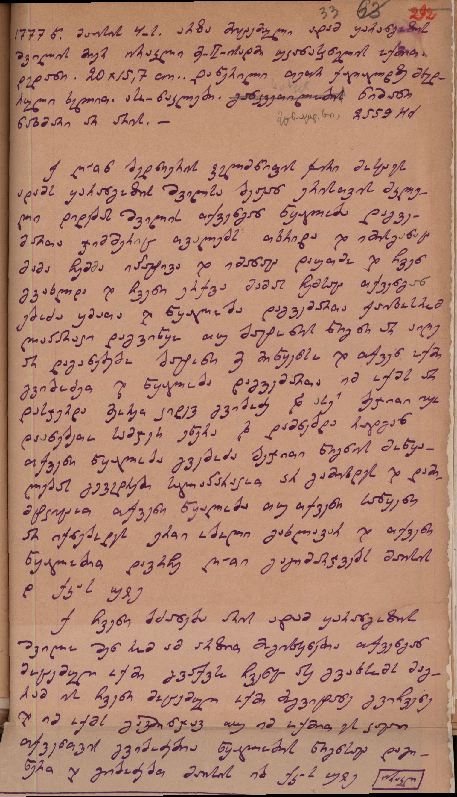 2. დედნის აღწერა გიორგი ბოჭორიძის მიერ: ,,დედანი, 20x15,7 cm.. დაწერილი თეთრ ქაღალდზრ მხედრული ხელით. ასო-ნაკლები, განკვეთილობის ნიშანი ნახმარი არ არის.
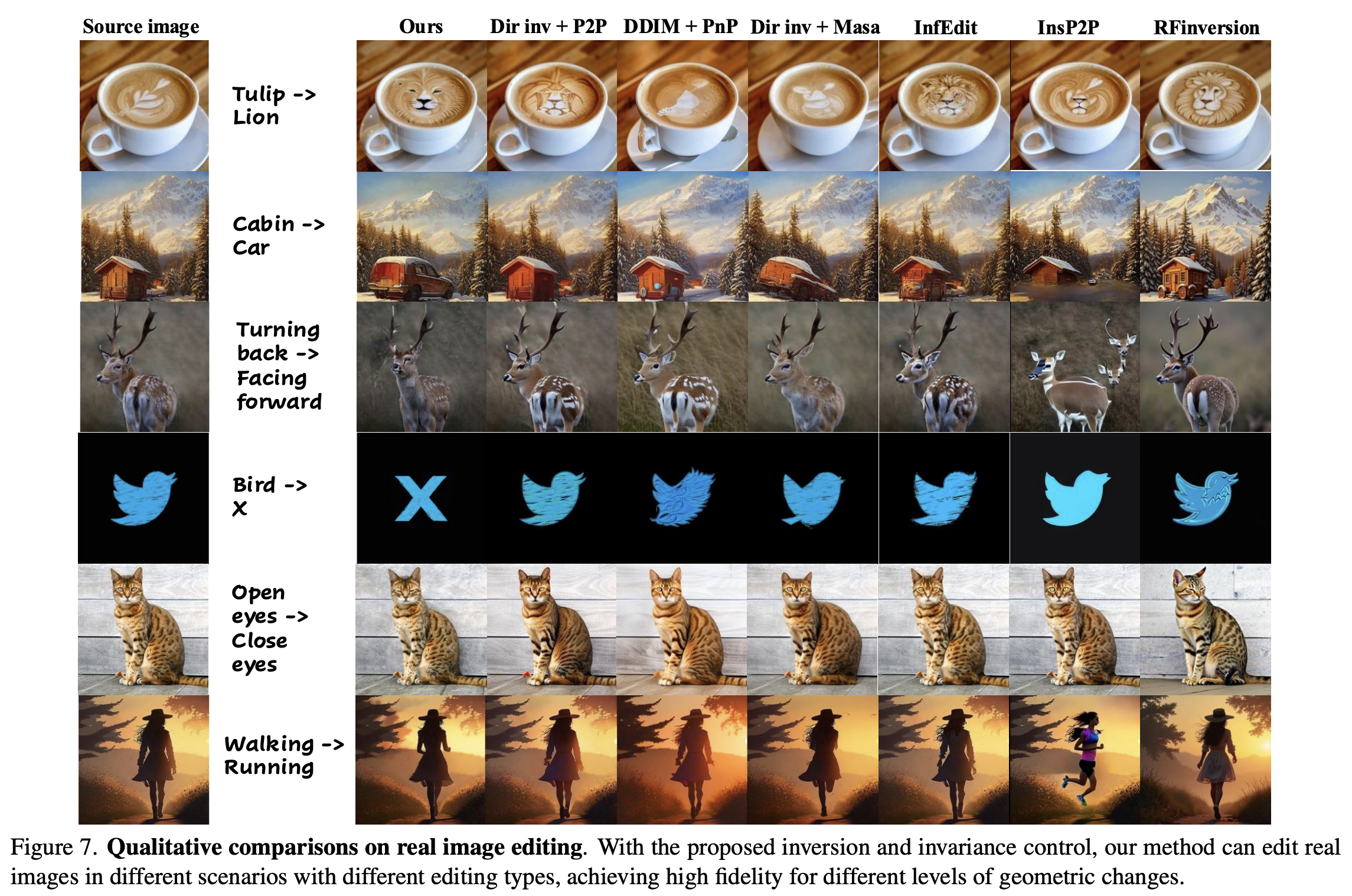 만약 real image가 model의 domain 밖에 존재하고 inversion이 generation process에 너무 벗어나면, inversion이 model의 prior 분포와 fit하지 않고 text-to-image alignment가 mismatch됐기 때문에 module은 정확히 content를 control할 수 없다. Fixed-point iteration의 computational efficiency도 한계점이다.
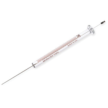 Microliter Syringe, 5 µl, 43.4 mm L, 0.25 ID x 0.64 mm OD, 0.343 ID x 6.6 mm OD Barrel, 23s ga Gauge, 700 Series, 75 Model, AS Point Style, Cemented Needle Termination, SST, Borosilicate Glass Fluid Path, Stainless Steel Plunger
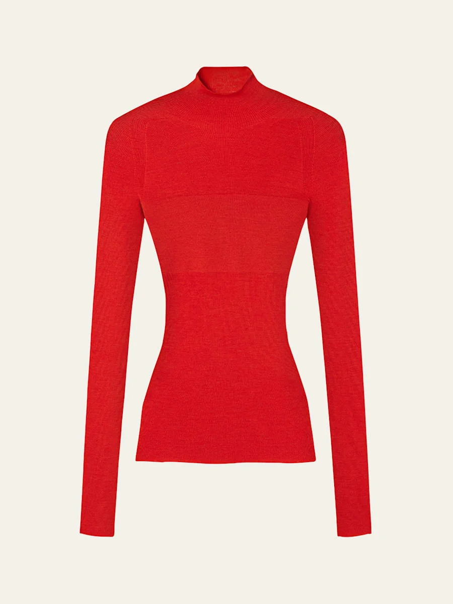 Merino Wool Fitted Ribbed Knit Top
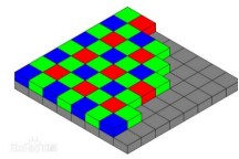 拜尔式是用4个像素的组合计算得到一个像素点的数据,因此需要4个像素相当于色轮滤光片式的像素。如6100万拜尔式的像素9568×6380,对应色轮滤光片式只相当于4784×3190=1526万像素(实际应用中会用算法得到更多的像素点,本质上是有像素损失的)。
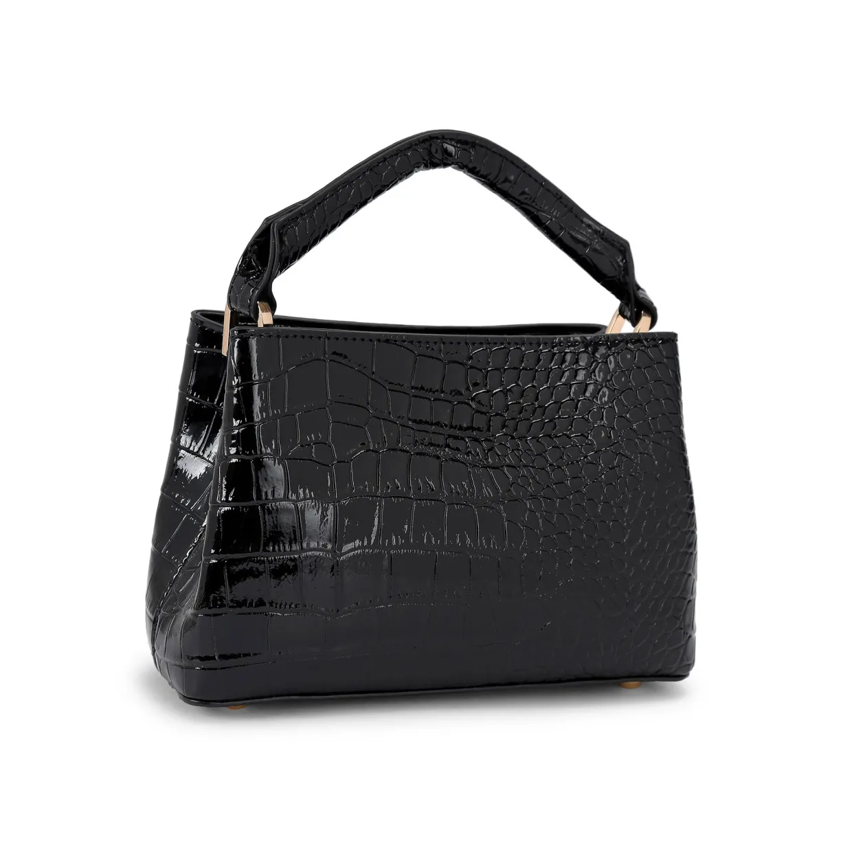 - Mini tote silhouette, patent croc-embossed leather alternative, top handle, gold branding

WORK ITEM: All pictures must be left out. Reproduce exactly the lines from the one containing "Microliter Syringe, 5" to the final line of the entries.

RESULT OF THIS TASK:
 Microliter Syringe, 5 µl, 43.4 mm L, 0.25 ID x 0.64 mm OD, 0.343 ID x 6.6 mm OD Barrel, 23s ga Gauge, 700 Series, 75 Model, AS Point Style, Cemented Needle Termination, SST, Borosilicate Glass Fluid Path, Stainless Steel Plunger
 Merino Wool Fitted Ribbed Knit Top
 拜尔式是用4个像素的组合计算得到一个像素点的数据,因此需要4个像素相当于色轮滤光片式的像素。如6100万拜尔式的像素9568×6380,对应色轮滤光片式只相当于4784×3190=1526万像素(实际应用中会用算法得到更多的像素点,本质上是有像素损失的)。
 - Mini tote silhouette, patent croc-embossed leather alternative, top handle, gold branding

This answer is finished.